Extracted data entries:
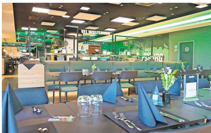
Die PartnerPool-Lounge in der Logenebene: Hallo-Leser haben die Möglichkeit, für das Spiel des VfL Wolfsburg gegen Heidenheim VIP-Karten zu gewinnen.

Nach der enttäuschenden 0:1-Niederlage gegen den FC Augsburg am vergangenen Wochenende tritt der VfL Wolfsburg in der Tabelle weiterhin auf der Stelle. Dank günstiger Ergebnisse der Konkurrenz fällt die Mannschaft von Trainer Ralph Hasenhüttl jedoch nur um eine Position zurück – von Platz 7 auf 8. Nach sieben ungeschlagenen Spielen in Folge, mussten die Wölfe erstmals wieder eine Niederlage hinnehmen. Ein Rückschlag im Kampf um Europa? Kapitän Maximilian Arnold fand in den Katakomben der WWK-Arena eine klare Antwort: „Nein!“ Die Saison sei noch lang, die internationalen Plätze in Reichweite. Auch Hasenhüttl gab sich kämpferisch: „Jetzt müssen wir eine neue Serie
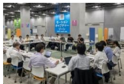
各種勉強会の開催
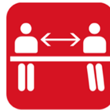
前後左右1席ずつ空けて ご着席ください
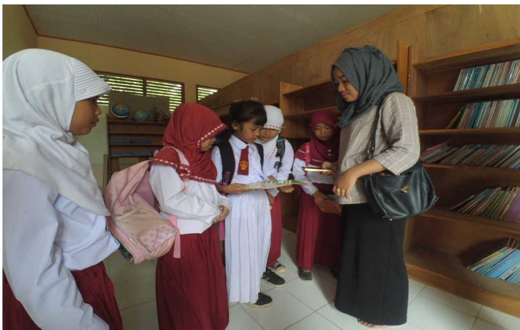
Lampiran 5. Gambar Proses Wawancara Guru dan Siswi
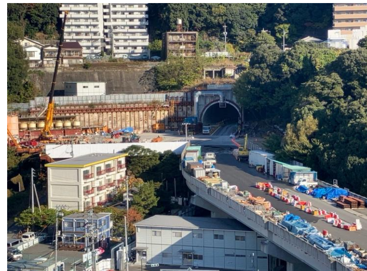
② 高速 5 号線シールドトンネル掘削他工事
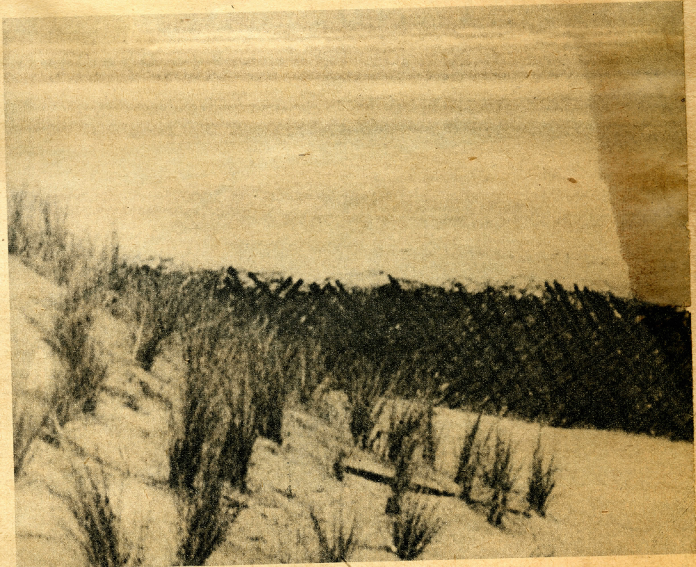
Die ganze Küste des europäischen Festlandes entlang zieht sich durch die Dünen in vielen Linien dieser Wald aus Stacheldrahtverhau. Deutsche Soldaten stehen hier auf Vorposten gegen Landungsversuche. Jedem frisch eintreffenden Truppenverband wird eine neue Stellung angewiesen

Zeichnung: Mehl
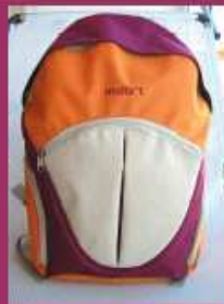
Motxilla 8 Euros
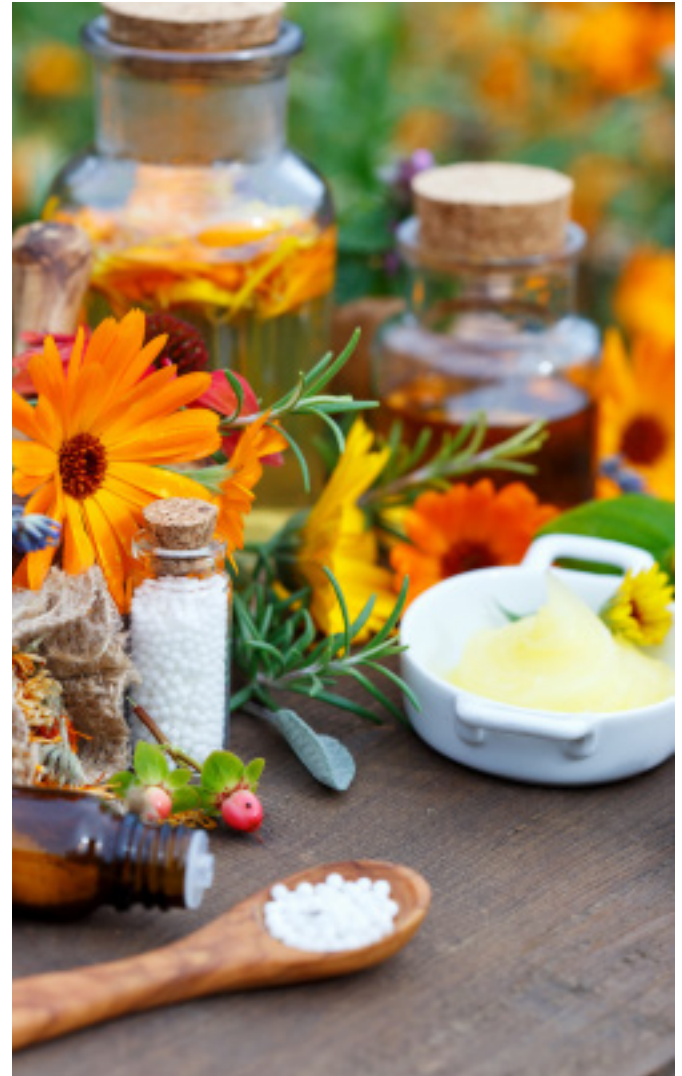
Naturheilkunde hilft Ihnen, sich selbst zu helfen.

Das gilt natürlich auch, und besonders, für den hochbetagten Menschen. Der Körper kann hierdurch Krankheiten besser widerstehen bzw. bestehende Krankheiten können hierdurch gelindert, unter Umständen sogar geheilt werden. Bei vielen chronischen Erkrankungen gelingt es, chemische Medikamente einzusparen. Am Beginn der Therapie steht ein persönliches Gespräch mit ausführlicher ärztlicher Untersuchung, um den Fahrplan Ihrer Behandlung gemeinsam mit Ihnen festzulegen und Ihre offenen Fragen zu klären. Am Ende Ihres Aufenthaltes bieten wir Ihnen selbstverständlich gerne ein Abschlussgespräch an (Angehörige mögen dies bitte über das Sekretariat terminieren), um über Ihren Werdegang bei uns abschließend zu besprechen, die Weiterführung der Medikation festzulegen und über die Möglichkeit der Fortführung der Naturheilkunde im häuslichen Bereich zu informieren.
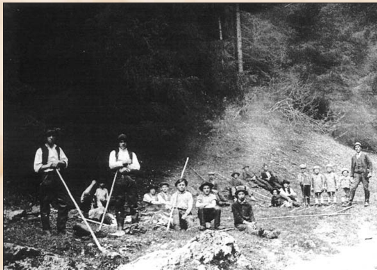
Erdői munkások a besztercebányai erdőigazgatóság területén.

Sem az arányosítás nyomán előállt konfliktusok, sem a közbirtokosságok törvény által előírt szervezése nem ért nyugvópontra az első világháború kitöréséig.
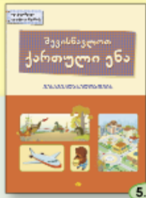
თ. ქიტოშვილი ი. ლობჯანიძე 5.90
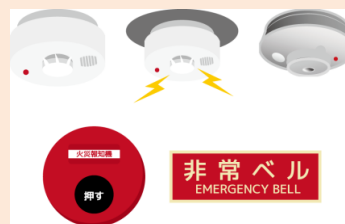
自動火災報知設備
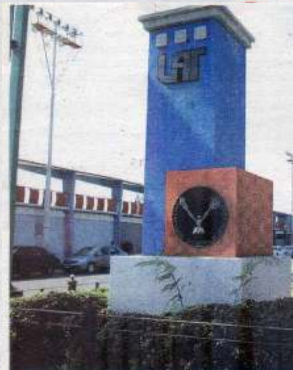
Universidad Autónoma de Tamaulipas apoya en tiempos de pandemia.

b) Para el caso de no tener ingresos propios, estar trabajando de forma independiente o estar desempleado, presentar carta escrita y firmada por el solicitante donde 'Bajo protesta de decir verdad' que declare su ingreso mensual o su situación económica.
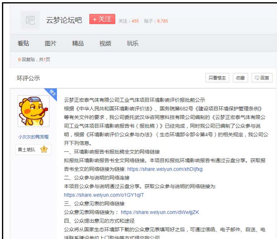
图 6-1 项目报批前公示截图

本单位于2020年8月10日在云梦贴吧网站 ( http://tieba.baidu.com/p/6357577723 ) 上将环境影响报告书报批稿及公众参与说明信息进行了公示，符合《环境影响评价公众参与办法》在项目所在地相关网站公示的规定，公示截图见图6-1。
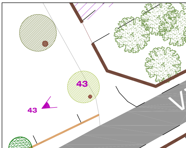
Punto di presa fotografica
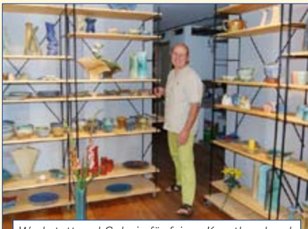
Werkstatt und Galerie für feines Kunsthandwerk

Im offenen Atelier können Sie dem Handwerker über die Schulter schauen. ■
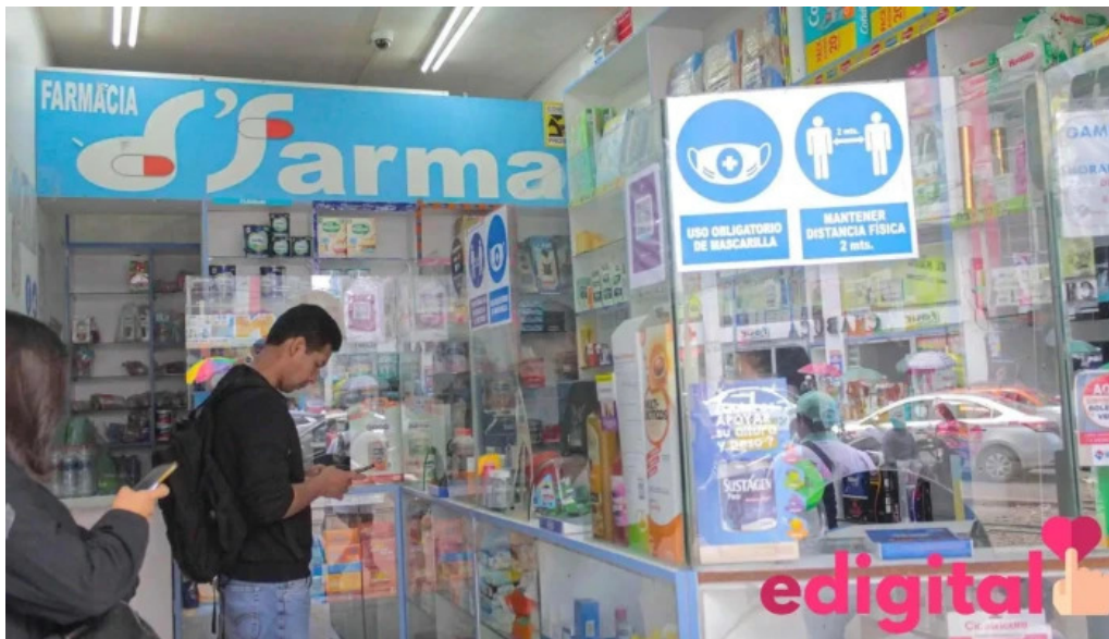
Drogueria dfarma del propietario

Your instructions> Every line that holds the word "gegen" should be copied from the records above.

Written answer>
Die PartnerPool-Lounge in der Logenebene: Hallo-Leser haben die Möglichkeit, für das Spiel des VfL Wolfsburg gegen Heidenheim VIP-Karten zu gewinnen.
Nach der enttäuschenden 0:1-Niederlage gegen den FC Augsburg am vergangenen Wochenende tritt der VfL Wolfsburg in der Tabelle weiterhin auf der Stelle. Dank günstiger Ergebnisse der Konkurrenz fällt die Mannschaft von Trainer Ralph Hasenhüttl jedoch nur um eine Position zurück – von Platz 7 auf 8. Nach sieben ungeschlagenen Spielen in Folge, mussten die Wölfe erstmals wieder eine Niederlage hinnehmen. Ein Rückschlag im Kampf um Europa? Kapitän Maximilian Arnold fand in den Katakomben der WWK-Arena eine klare Antwort: „Nein!“ Die Saison sei noch lang, die internationalen Plätze in Reichweite. Auch Hasenhüttl gab sich kämpferisch: „Jetzt müssen wir eine neue Serie
Die ganze Küste des europäischen Festlandes entlang zieht sich durch die Dünen in vielen Linien dieser Wald aus Stacheldrahtverhau. Deutsche Soldaten stehen hier auf Vorposten gegen Landungsversuche. Jedem frisch eintreffenden Truppenverband wird eine neue Stellung angewiesen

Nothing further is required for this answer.